Florida Museum of Natural History
Home Fl Paleontology Fl Geology Digital Library Design Funding FLMNH FLMNH

Taxonomic Description of the White Springs Oreodont



Oreodonts, an extinct group of extinct hoofed mammals most closely related to sheep, were very common in the western United States 35 to 20 million years ago (late Eocene through early Miocene). Some of the first fossils collected out west during the 1850's were oreodonts. Around the Big Badlands of South Dakota and adjacent Nebraska, extensive "oreodon" beds are replete with these mammals. Oreodon fossils are conserved and exhibited in many U. S. natural history museums. Consisting of an overall diversity of about 50 species, oreodonts were mostly small dog- to large pig-sized herbivores, feeding predominantly on leafy vegetation.
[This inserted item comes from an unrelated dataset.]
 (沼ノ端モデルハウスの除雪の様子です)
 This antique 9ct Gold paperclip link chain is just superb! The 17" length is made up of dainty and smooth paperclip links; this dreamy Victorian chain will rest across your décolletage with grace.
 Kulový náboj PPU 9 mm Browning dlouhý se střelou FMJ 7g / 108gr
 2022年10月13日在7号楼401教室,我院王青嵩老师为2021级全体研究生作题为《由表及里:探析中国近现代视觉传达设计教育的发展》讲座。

Despite the fact that oreodonts were very common out west, they are exceedingly rare in Florida. Prior to 1990, our entire knowledge of Florida oreodonts was known from only a handful of teeth and bone fragments from a few sites. Then, an extraordinary locality was discovered along a river in N Florida that has since yielded a fantastic collection of fossilized skulls, jaws, and limb bones. This underwater locality is still under excavation by FLMNH scientists. Ironically, it is one of the earliest known terrestrial sites in Florida, when it was first emerging as an island, 30 million years ago. This new collection of Florida oreodonts is currently under study by Bruce J. MacFadden, FLMNH curator and Gary S. Morgan, vertebrate paleontology curator at the New Mexico Museum of Natural History.
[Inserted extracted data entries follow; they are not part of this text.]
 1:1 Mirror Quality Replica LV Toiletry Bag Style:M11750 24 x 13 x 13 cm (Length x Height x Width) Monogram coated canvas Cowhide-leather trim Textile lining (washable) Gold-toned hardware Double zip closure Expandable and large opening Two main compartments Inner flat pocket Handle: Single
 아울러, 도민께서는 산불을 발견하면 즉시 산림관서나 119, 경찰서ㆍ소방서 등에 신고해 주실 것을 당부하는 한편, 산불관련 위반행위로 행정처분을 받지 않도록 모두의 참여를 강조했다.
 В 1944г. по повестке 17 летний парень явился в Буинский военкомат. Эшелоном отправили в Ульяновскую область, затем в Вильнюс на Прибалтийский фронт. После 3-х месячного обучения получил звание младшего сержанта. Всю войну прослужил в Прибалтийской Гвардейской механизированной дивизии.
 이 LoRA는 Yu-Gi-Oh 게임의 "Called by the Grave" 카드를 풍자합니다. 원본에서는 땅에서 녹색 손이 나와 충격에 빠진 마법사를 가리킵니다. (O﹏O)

After comparison with other oreodonts from all around the U. S. in the American Museum of Natural History collections, MacFadden and Morgan have determined that this Florida oreodont represents a new species of Mesoreodon that lived about 25 million years ago. The genus Mesoreodon is otherwise best known from 25-million-year-old localities in South Dakota and Nebraska. It lived alongside a few different species of camels, horses, rodents, and bats, all natives to ancient Florida, as well as marine mammals closely related to modern-day sea cows.
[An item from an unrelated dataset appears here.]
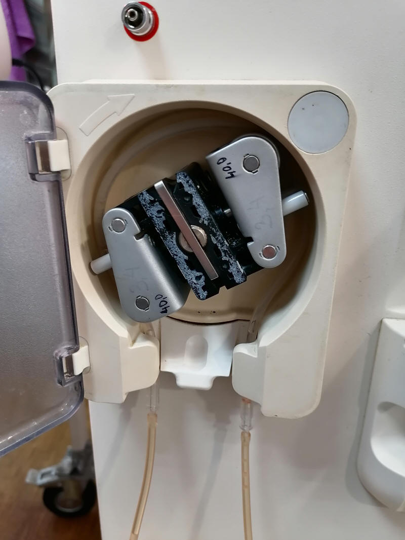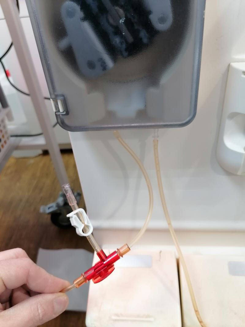 Заправили насосный сегмент, порт забора крови с дополнительным ответвлением должны оказаться с левой стороны насоса.

Taken together, the various bones, skulls, and jaws of Florida Mesoreodon were sufficient to reconstruct a "composite" (i.e., taken from several individuals) skeleton for exhibition in the Hall of Fossil Hall at the FLMNH. It is currently on display in the FLMNH Skeletons temporary exhibit. Late Oligocene-early Miocene land mammal fossils are rare in Florida, so Mesoreodon will be a focal-point for our transition from the late Oligocene to early Miocene time.

Bibliography

Non-technical

Benton, M. J. 1991. The Rise of Mammals. Crescent Books, New York.

Osborn, H. F. O. 1910. The Age of Mammals. Macmillan. New York.

Savage, R.J. G and M. Long. 1986.. Facts On File Publications, New York.

Technical

MacFadden, B. J. 1980. An early Miocene land mammal (Oreodonta) from a marine limestone in northern Florida. Journal of Paleontology 54:93-101.

Schultz, C. B. and C. H. Falkenbach. 1968. Phylogeny of oreodonts. Bulletin of the American Museum of Natural History 139:1-498.

Simpson, G. G. 1945. The principles of classification and a classification of mammals. Bulletin of the American Museum of Natural History 85:1-350.

Stevens, M. K. and J. B. Stevens. 1996. Merycoidodontidae and Miniochoeridae, p. 498-580. In D. R. Prothero and R. J. Emry (eds.), The Terrestrial Eocene-Oligocene Transition in North America. Cambridge University Press, New York.